Читать книгу SCADA Security - Xun Yi - Страница 34

This approach is based on the assumption that the behavior of intrusive activities mathematically or statistically differs from normal behavior. That is, they are based on advanced mathematical or statistical methods used to detect the abnormal behavior. For example, normal SCADA network traffic can be obtained over a period of “normal” operations, and then a modeling method is applied to build the normal SCADA network profiles. In the detection phase, the deviation degree between the current network flow and the created normal network profiles is calculated. If the deviation degree exceeds the predefined threshold, the current network flow will be flagged as an intrusive activity. The primary advantage of anomaly‐based compared to signature‐based detection is that novel (unknown) attacks can be detected, although they suffer from a high false positive rate.

A number of factors have a significant impact on the performance of SCADA anomaly‐based IDS in distinguishing between the normal and abnormal behavior, including the type of modeling method, the type of building process of the detection models, and the definition of an anomaly threshold. Three learning processes are usually used to build the detection models, namely supervised, semisupervised, and unsupervised. In the supervised learning, anomaly‐based IDS requires class labels for both normal and abnormal behavior in order to build normal/abnormal profiles. However, this type of learning is costly and time‐expensive when identifying the class labels for a large amount of data. Hence, semisupervised learning is proposed as an alternative, where an anomaly‐based IDS builds only normal profiles from the normal data that is collected over a period of “normal” operations. However, the main drawback of this learning is that comprehensive and “purely” normal data is not easy to obtain. This is because the collection of normal data requires that a given system operates under normal conditions for a long time, and intrusive activities may occur during this period of the data collection process.
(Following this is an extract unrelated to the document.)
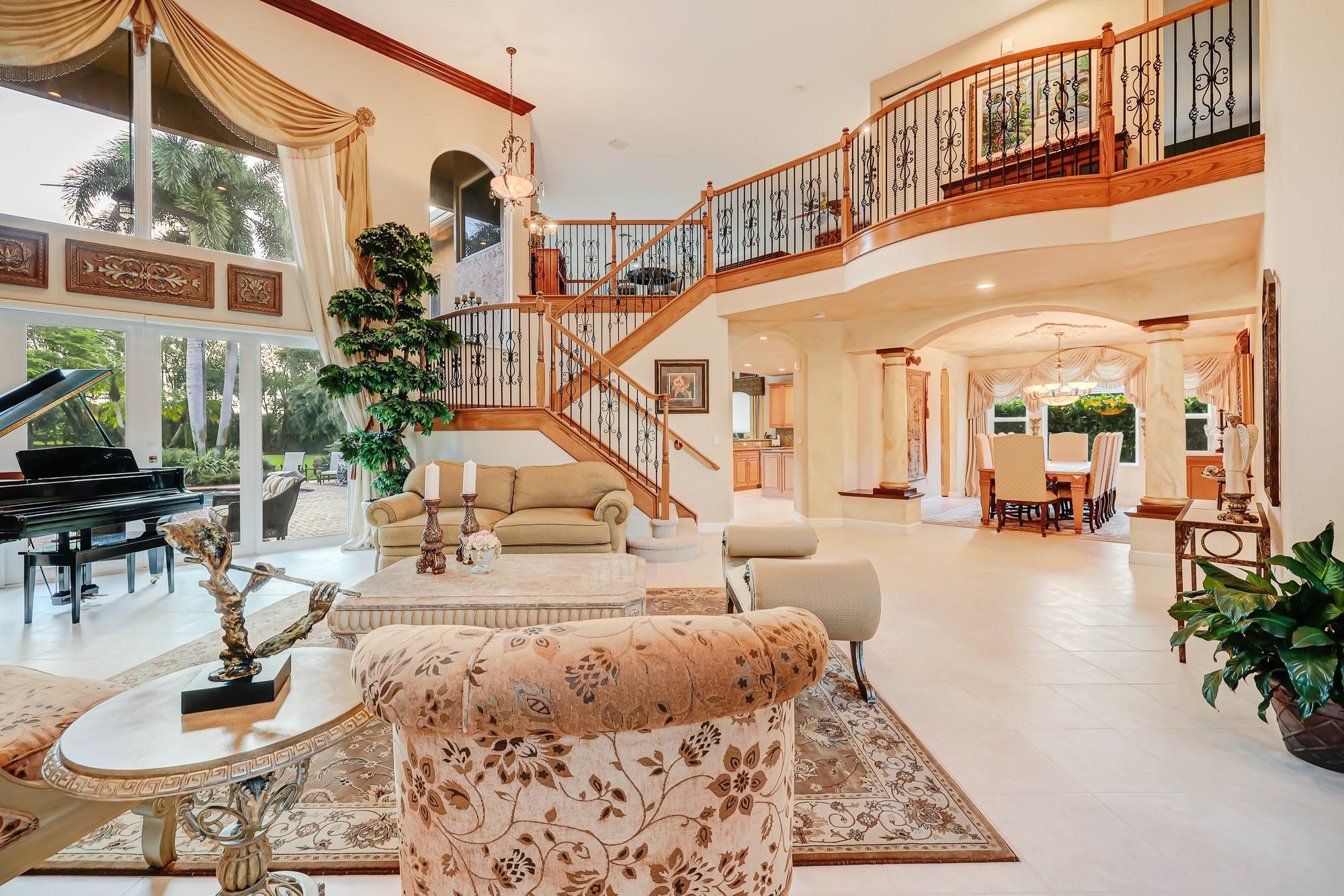 Impeccably maintained home in sought after gated Long Lake Estates. 5 bedrooms 4.5 baths + office + loft. On one of the largest lots in the community. Soaring ceilings throughout, with natural light from the impact windows and doors, this home delivers functionality and wow factor. manicured lawn, shimmering pool, open patio with entertaining space, and multiple french doors leading outside. Sprawling primary suite with high ceilings, wide wood plank floors, access to the patio, dual walk-in custom closets, large en-suite bath with separate tub and shower. Downstairs guest room &bath, interior laundry room. Upstairs oversized loft overlooking the family & living rooms. 3 spacious guest rooms upstairs. 2019 tile roof, 3 new 2024 AC units, 3 car garage + storage. Close to the best of Davie!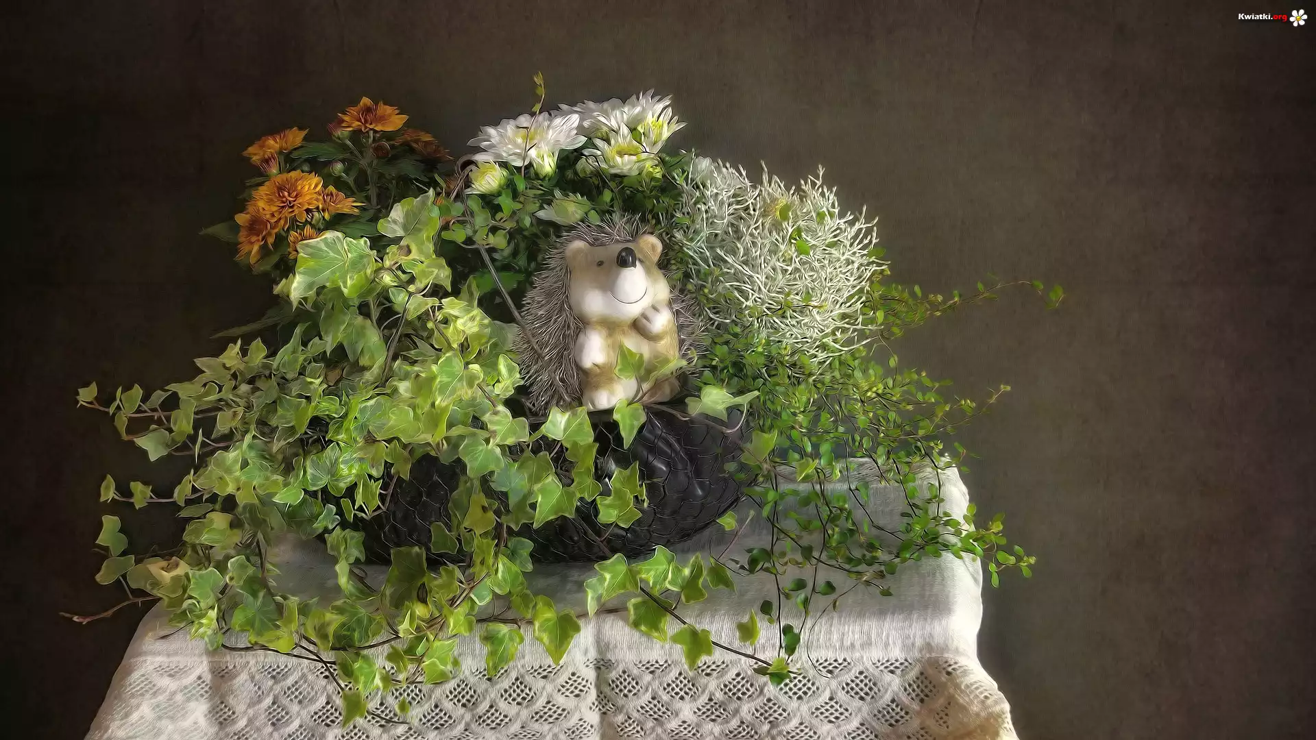 Rośliny, Bluszcz, Koszyk, Figurka, Jeż, Serweta, Grafika - Zdjęcia

On the another hand, the reliance only on abnormal data for building abnormal profiles is not feasible since the possible abnormal behavior that may occur in the future cannot be known in advance. Alternatively, an anomaly‐based IDS uses the unsupervised learning to build normal/abnormal profiles from unlabeled data, where prior knowledge about normal/abnormal data is not known. In fact, it is a cost‐efficient method, although it suffers from low efficiency and poor accuracy (Pietro and Mancini, 2008).